第34話 こういうのも悪くないかな

 結局、赤ちゃん猫はシオリが引き取ることになった。

 動物に助けられた彼女が動物を虐めるはずがない、というのが先生の結論である。


 それ以前の問題として、シオリは猫語が判るからね。

 彼女以上に適任な飼い主は、世界中探してもそんなにいないと思うよ。


 そして、赤ちゃん猫の名前も決まった。

 ライム。

 シオリは最初、ドラセナライムって名前にしようしてたんだけど、本人の強い希望でライムって名前になったのである。


 そりゃそうよ。長すぎるもの。私のぴろしきだって、猫の名前としては長い部類なんだから。

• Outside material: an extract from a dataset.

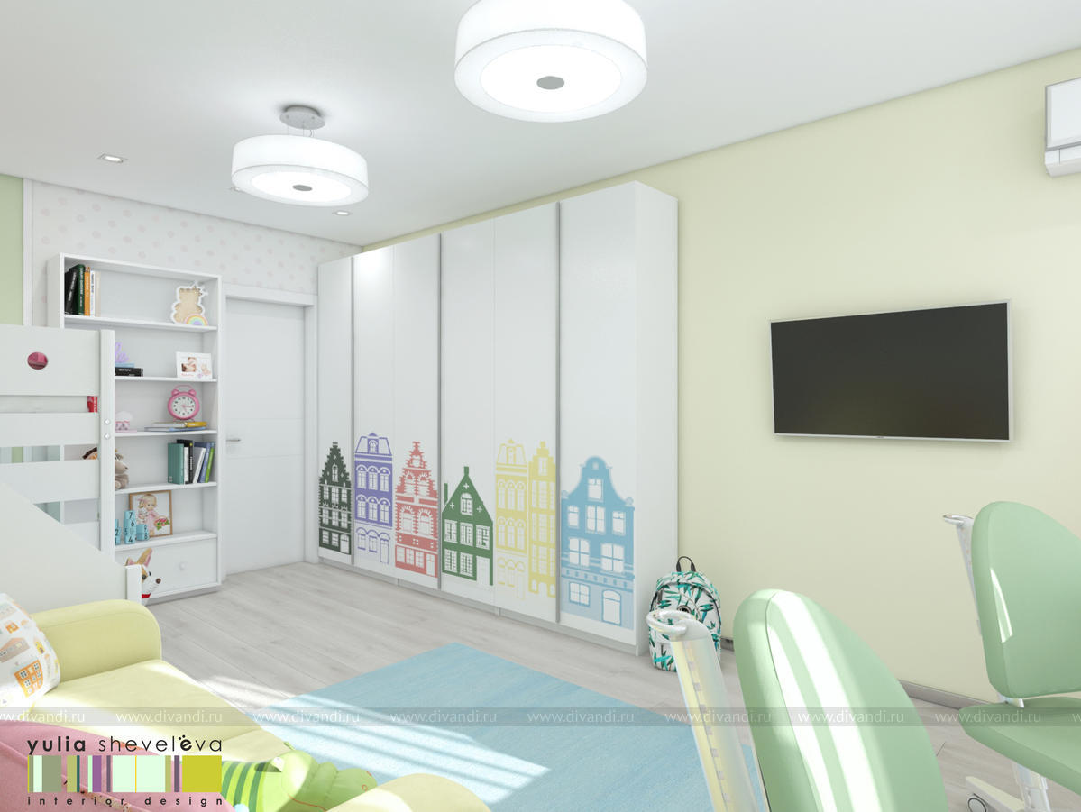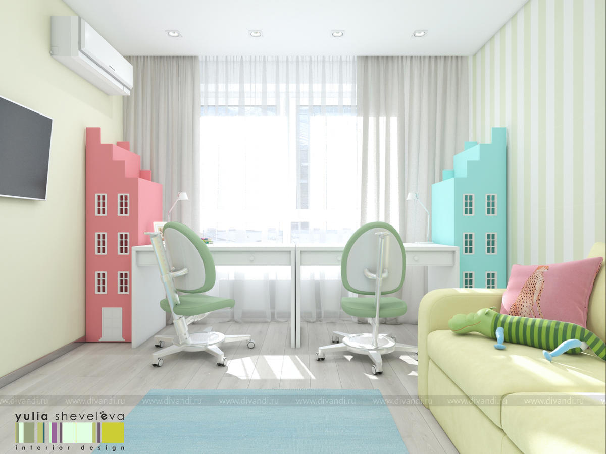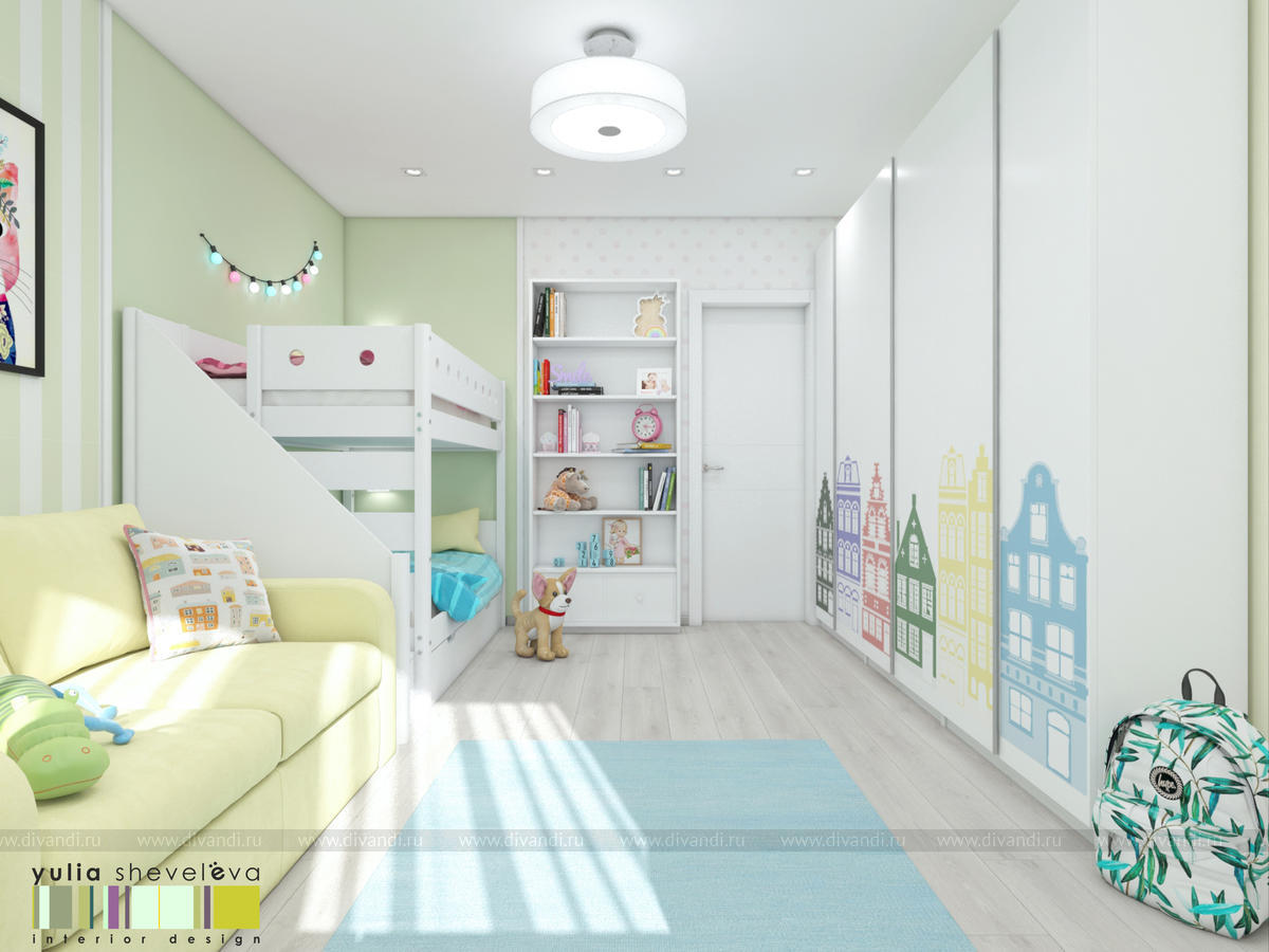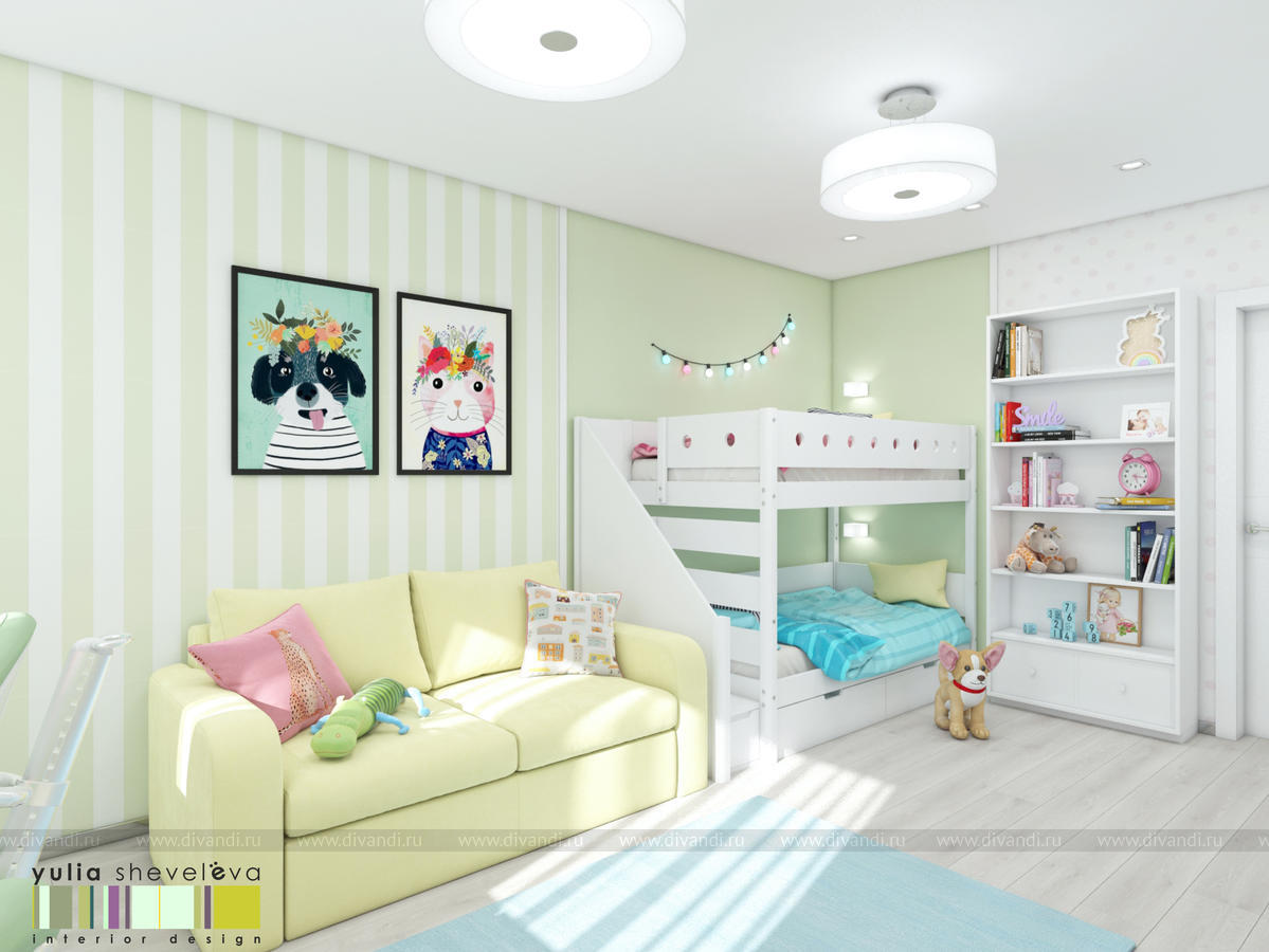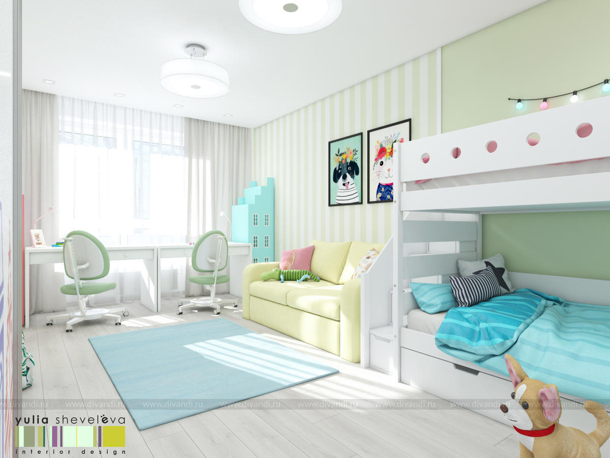 Детская комната для двух малышей - девочки и мальчика. Основная задача - продумать пространство для детей с большой разницей в возрасте, грамотно зонировать пространство, чтобы было удобно и комфортно обоим малышам.

 ドラセナライムなんて、人間だって噛まずに言えるかどうか微妙だって。


 ちなみに意味は「幸福」。

 花言葉だそうよ。


 いままで不幸だった分、幸せになって欲しいって祈りをシオリは込めたの。

 これには赤ちゃん猫あらためライムも大喜びで、シオリに身体をすり寄せていた。

 まだ人間が怖いだろうに、それでもシオリには心を開こうとしていたの。


 私もちょっとうるっときちゃったわ。

 さくらなんて、私や先生に打ち解けるのに一ヶ月近くかかったんだから。


「そこてボクを引き合いに出さないで!」

「先生に怪我までさせたんだから」

「反省してる! ちょー反省してる!」


 そんな感じで、にぎやかにライムを見送ったふたりだった。






 問題が起きたのは、その数日後からである。

 ちょくちょくシオリが訊ねてくるようになったのだ。


 私やさくらとしては猫語が判る人間というのは大変に貴重で、言いたいことを通訳してもらったりなど非常に助かる存在なのだが、このことに関してモココの主が、ひっじょーに面白くなく思っているらしい。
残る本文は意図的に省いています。